Directions:
Nothing but the lines from the one with "3d立体玄墙面遮丑装饰中式自粘贴画客厅餐厅时来运转石榴喜鹊墙贴" through the end of the records may appear in the answer, each reproduced exactly, pictures omitted.

Raw data:
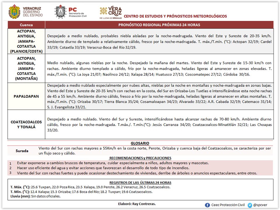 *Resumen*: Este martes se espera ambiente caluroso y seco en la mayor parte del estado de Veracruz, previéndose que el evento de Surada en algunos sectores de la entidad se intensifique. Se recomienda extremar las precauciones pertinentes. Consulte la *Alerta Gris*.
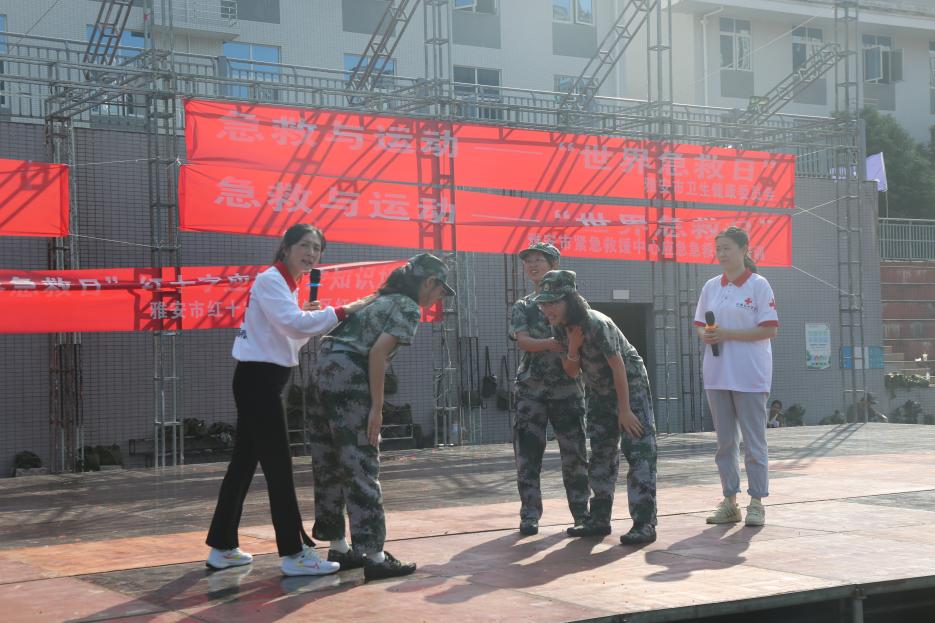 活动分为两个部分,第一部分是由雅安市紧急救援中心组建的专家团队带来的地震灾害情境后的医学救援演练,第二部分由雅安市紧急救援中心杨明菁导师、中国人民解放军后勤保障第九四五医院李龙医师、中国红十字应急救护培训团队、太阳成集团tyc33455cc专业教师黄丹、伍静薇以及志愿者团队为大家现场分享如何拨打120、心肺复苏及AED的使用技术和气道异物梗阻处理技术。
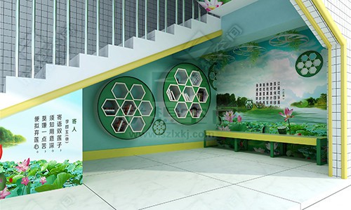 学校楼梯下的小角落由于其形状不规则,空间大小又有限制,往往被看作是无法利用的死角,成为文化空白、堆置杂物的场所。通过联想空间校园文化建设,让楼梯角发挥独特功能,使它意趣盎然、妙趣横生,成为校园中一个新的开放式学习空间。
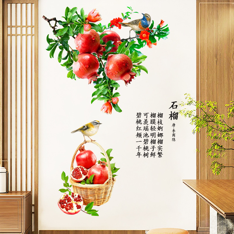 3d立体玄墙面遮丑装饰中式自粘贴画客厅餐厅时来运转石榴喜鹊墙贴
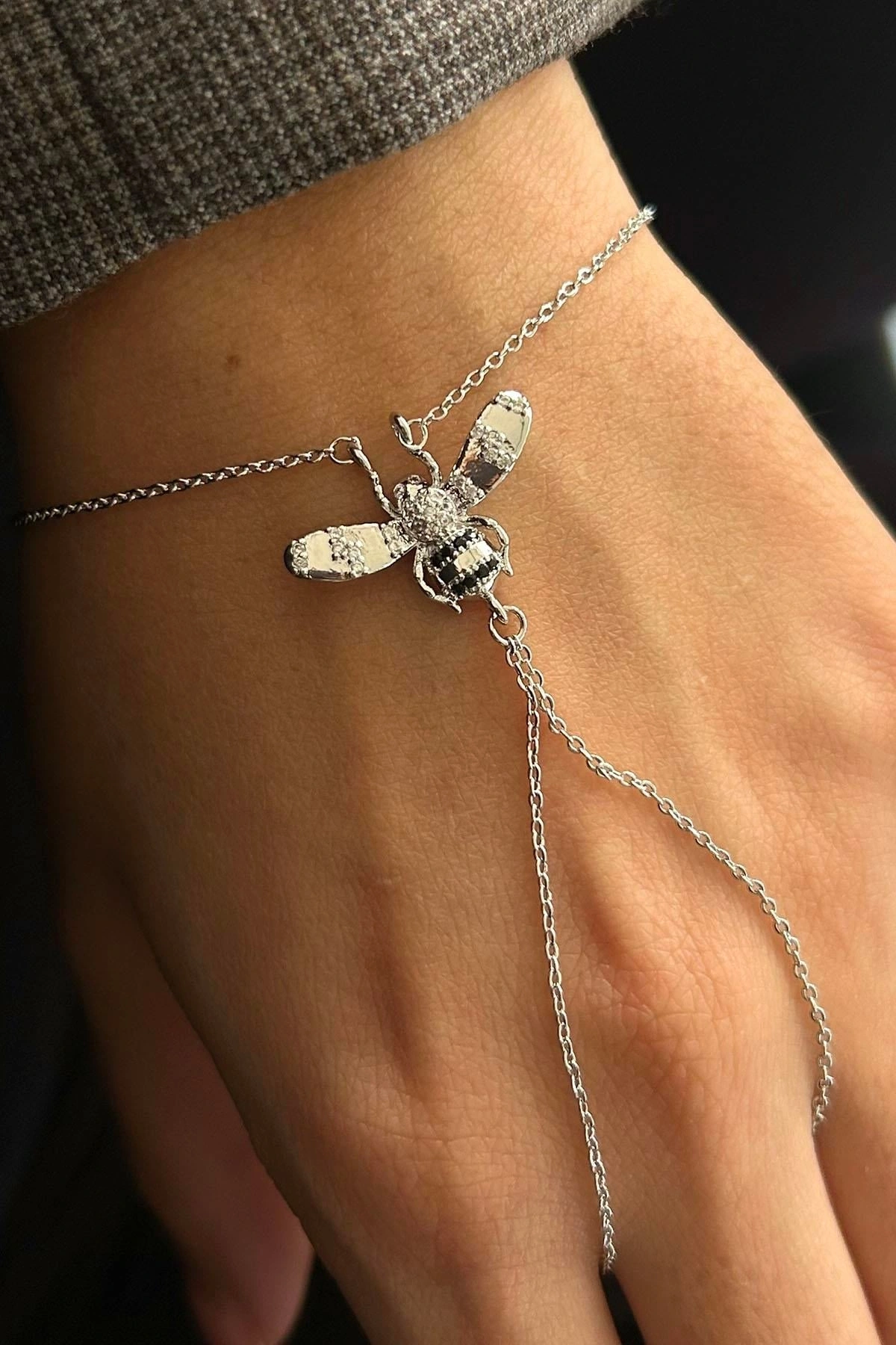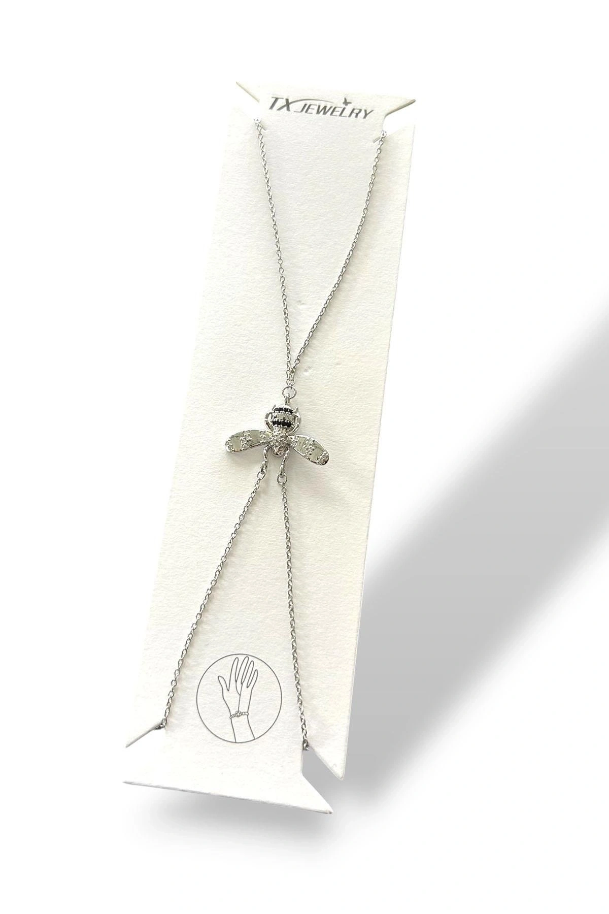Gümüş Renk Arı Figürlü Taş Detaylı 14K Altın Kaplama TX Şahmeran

Response area:
 3d立体玄墙面遮丑装饰中式自粘贴画客厅餐厅时来运转石榴喜鹊墙贴
Gümüş Renk Arı Figürlü Taş Detaylı 14K Altın Kaplama TX Şahmeran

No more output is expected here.